The final stage injects the semantic map into the VLM via a visual prompt. The prompt combines a natural‑language query with a rendered view of the semantic map (e.g., “Refer to the map below and tell me which object is to the right of the sneaker from the current camera pose”). The VLM processes the combined input, leveraging its language understanding while grounding its reasoning on the explicit spatial representation supplied by the map. No parameters of the VLM are altered; only the input modality changes.
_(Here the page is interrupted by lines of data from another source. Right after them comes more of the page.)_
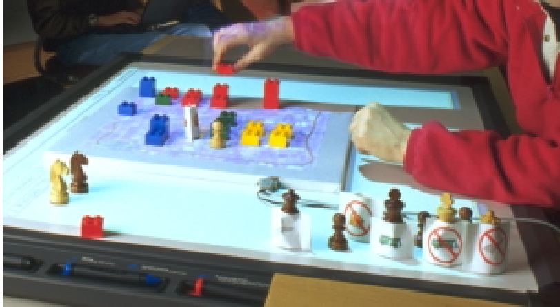
Figure 3. The “Chessboard” Environment.

Table 1 summarizes the differences between DODEs and the EDC.
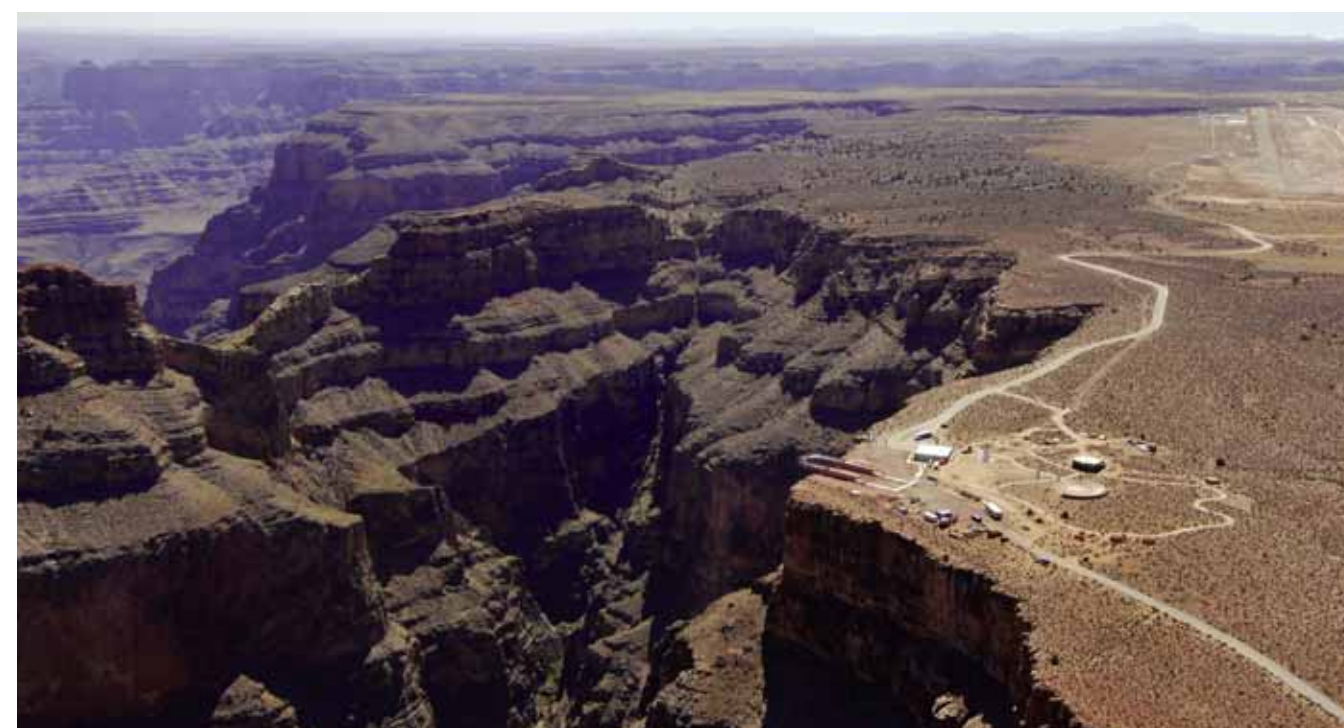
Opposing page: reclining woman on bridge's glass floor; Skywalk admired in profile (above) or from the air is within easy sight of Grand Canyon West Airport.
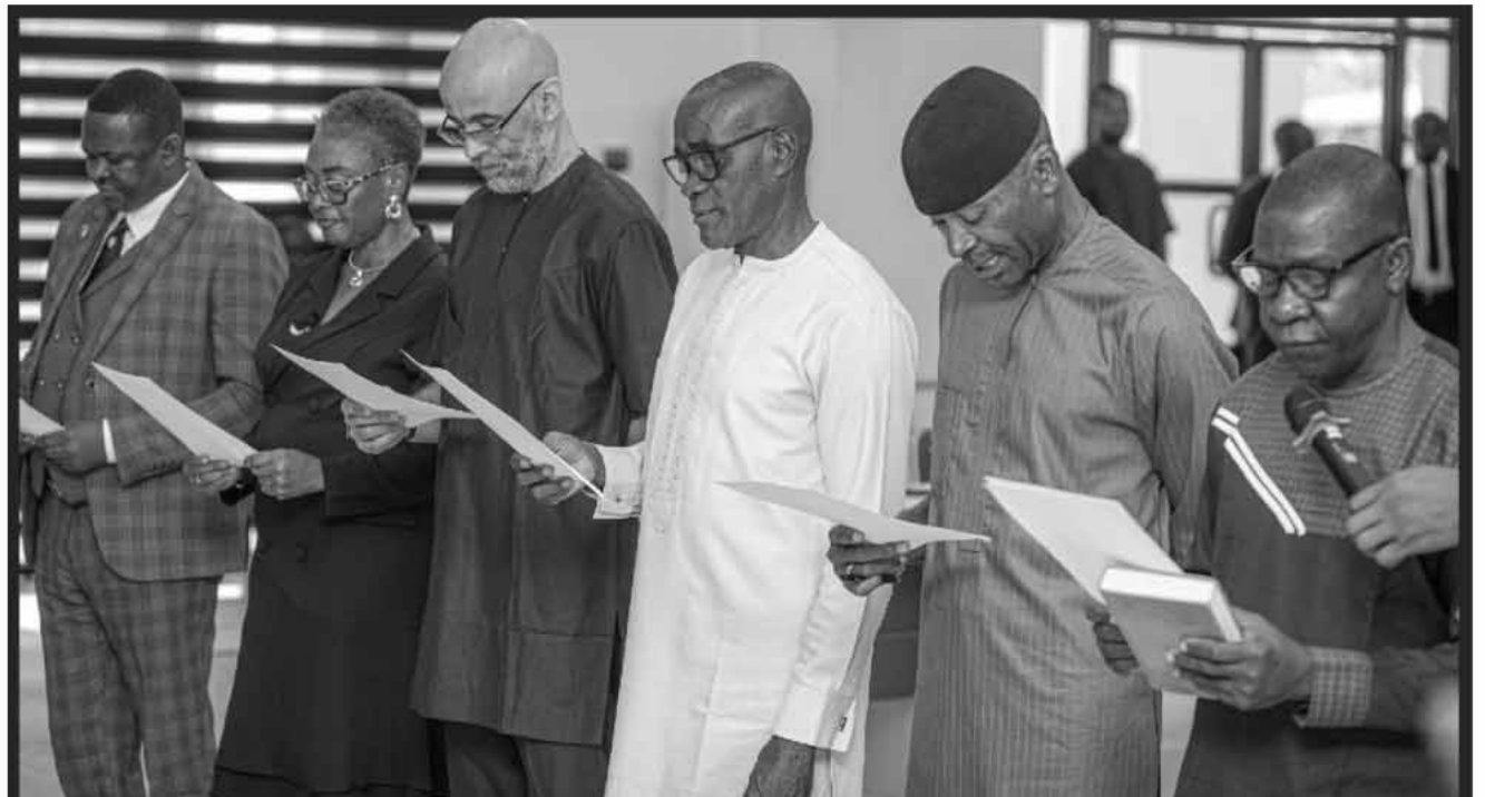
■ Cross section of the newly sworn-in Commissioners in Abia State, during the inauguration by Gov Otti in his Nvosi Isiala Ngwa LGA of Abia State

He, however, pointed out that there were minor observations that required corrections, which, according to him, is the essence of the inspection.
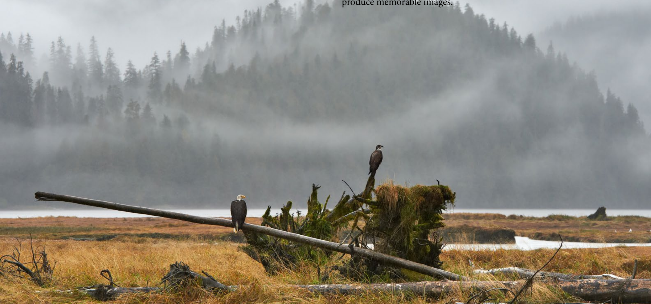
Eagles in the Mist. There is no better place to capture images of eagles and other wildlife with stunning backdrops than on the coast of British Columbia. Nikon D4 with 70-200mm f4 VR @ 150mm. 1/160s @ f8. ISO 720.

4. Shooting Style – Machine Gunning vs. Selective Shooting. With the advent of very fast digital cameras and relatively low-priced high-capacity memory cards it has become very tempting to simply keep your index finger pushing the shutter release and "capture everything." The philosophy and/or motivation behind this approach tends to be either "...well, at least some of those shots should be sharp" or "...I must have captured something interesting in that batch." My experience is that this approach produces, at best, a few relatively sharp shots of something that's usually not too visually interesting. There ARE times where "letting it rip" is a good strategy (often with action shots, such as when bears are sparring), but more often than not I feel that a more selective shooting style and waiting for the "decisive moment" is more likely to produce memorable images.
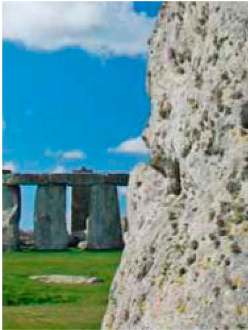
Top: Salisbury. Middle: South Hams. Bottom: Slapton.
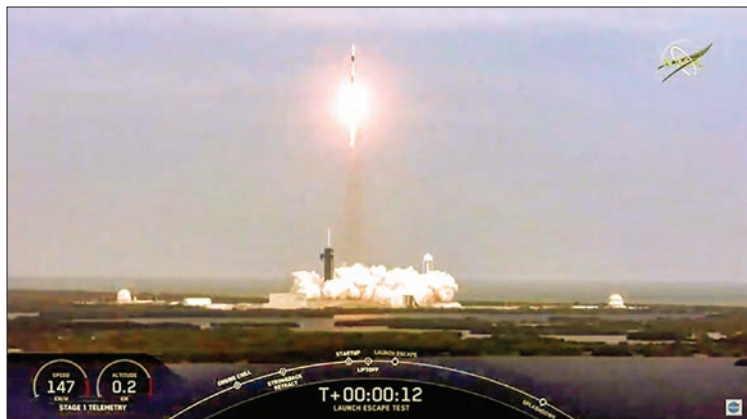
This NASA TV video frame grab shows a SpaceX rocket launching to perform an in-flight abort test of its Crew Dragon spacecraft, which was unmanned for the apparently successful test.

Crew Dragon continued its upward trajectory alone reaching an altitude of about 40 kilometers before beginning its natural descent toward the Atlantic. Four large parachutes opened to brake its descent and splashdown in the ocean, where recovery teams were pre-positioned. Nine minutes after launch, Crew Dragon was in the water, apparently without suffering damage.—AFP

The authors evaluate MosaicThinker on three on‑device platforms—NVIDIA Jetson Orion, Meta AR Glass, and OnePlus 12R—across eight indoor environments (homes, offices, libraries) and five categories of spatial queries (object‑relation, location identification, camera motion estimation, size comparison, multi‑object chain reasoning). Baselines include standard video‑text models, BEV‑based methods, and approaches that inject 3‑D tokens or depth maps into VLMs. MosaicThinker consistently outperforms these baselines, improving average accuracy from ~68 % to ~92 % (up to a 40 percentage‑point gain) even when the underlying VLM is a modest 7‑billion‑parameter model. The additional computational overhead remains under 12 % of the total inference budget, preserving real‑time performance (≈30 FPS).

Limitations are acknowledged: the quality of auxiliary modules (depth estimation, point‑cloud generation) heavily influences overall performance; dynamic scenes with moving objects or abrupt lighting changes are not fully addressed; and the key‑frame selection policy may need further adaptation for diverse query types. Future work is suggested in three directions: (1) fusing additional modalities such as IMU or LiDAR to improve pose estimation robustness, (2) developing continuous map‑update mechanisms for dynamic environments, and (3) learning query‑conditioned frame‑selection strategies to further reduce latency and improve relevance.

In summary, MosaicThinker demonstrates that sophisticated cross‑frame spatial reasoning can be achieved on low‑power devices by augmenting existing small VLMs with a lightweight, sparsely encoded semantic map constructed at inference time. This training‑free approach opens the door for advanced embodied AI capabilities—such as precise robotic manipulation, AR assistance, and autonomous drone navigation—on platforms that were previously limited to simple appearance‑based perception.